Add context to Splunk 'source'

jorritfolmer / TA-dmarc

Add-on for ingesting DMARC aggregate reports into Splunk

https://splunkbase.splunk.com/app/3752

15 stars 8 forks source link

Add context to Splunk 'source' #16

Closed malvidin closed 5 years ago

malvidin commented 6 years ago

I recommend adding available email and/or file data for the Splunk 'source' for all processed files, if possible. Below is one possible option.

IMAP

TA-dmarc/email@domain.org/domain.com!domain.org!123456.gz

Directory

TA-dmarc/domain.com!domain.org!123456.gz

jorritfolmer commented 6 years ago

PR merged.

For setting the Splunk source field of imapped reports, I think we best combine imap2dir and dir2splunk into a new class "rfc822tosplunk". This enables us to:

set the appropriate source
add relevant mail headers to a new rfc822 json object with stuff like rfc822.from, rfc822.subject, rfc822.dkim.domain, rfc822.dkim.domain.validation_result (issue #11)
move from a batched imap -> dir flow, to a single flow by message
re-use this new class to ingest maildir style dirs

malvidin commented 6 years ago

Does it matter which email RFC is mentioned (822, 2822, 5322)?

I do not have access to IMAP, so I cannot test any code against actual reports.

Should the dmarc code be maintained in a different repository, and merged into TA-dmarc periodically?

jorritfolmer commented 6 years ago

I committed some initial DKIM stuff in the rfc822tosplunk branch a while ago.
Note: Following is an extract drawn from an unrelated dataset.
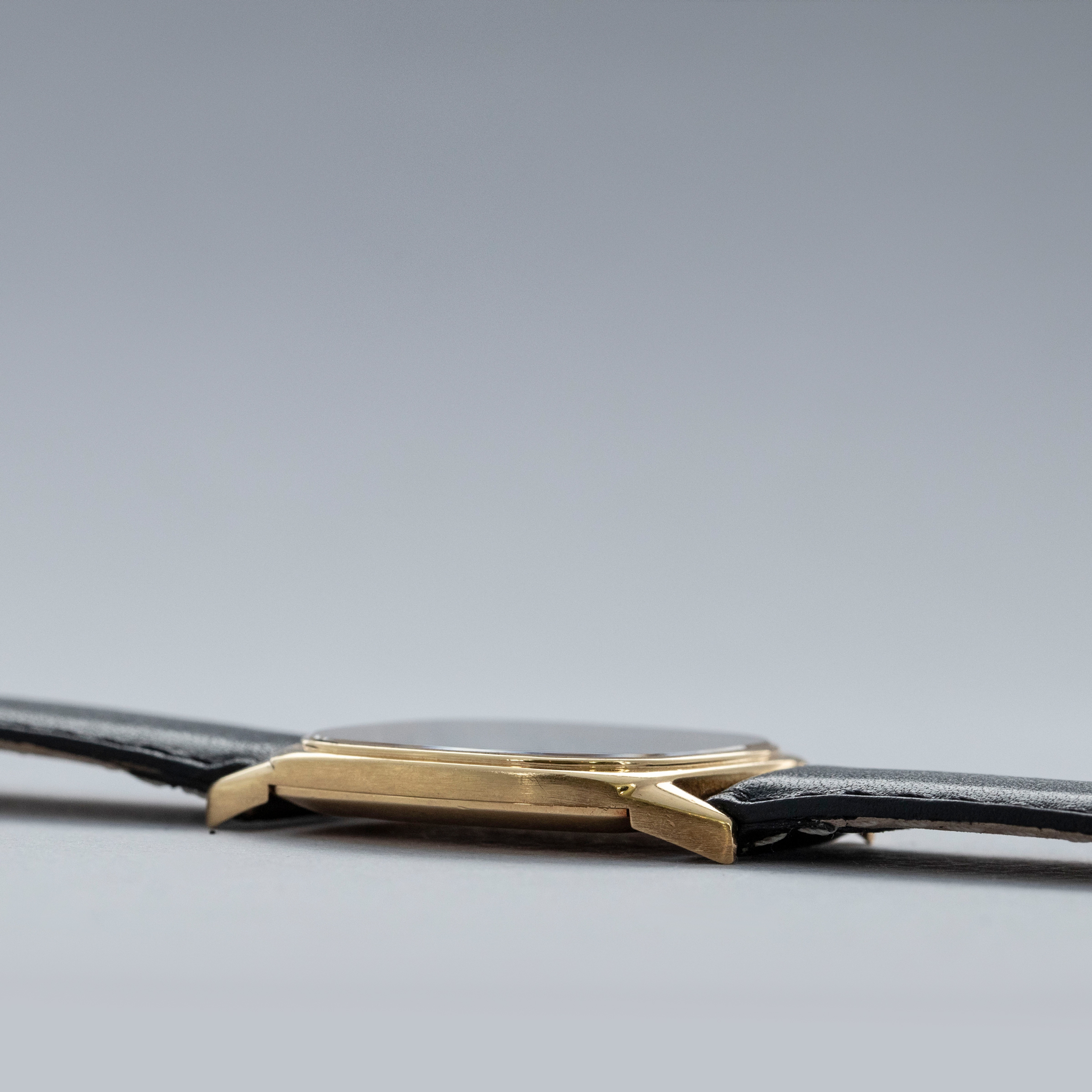 Featuring a white dial with black painted Roman numerals and matching black hands and inscriptions, including the co-signature of its original retailer, Beyer, the ref. 3666's dial is perfectly monochromatic and the best possible fit for its 18kt yellow gold case.

It works with the current code and emits only log messages now. While working on this I discoved that it is likely a bad idea to go for one giant class to handle everything. Too much duplication of code. So in input_module_dmarc_json_imap I added some commented out pseudocode just to see if multiple smaller classes would be a better idea. I think it is, but thats also where I left things becauce time.

Regarding IMAP testing: You can setup a local Dovecot imap server to which you copy some dmarc mails.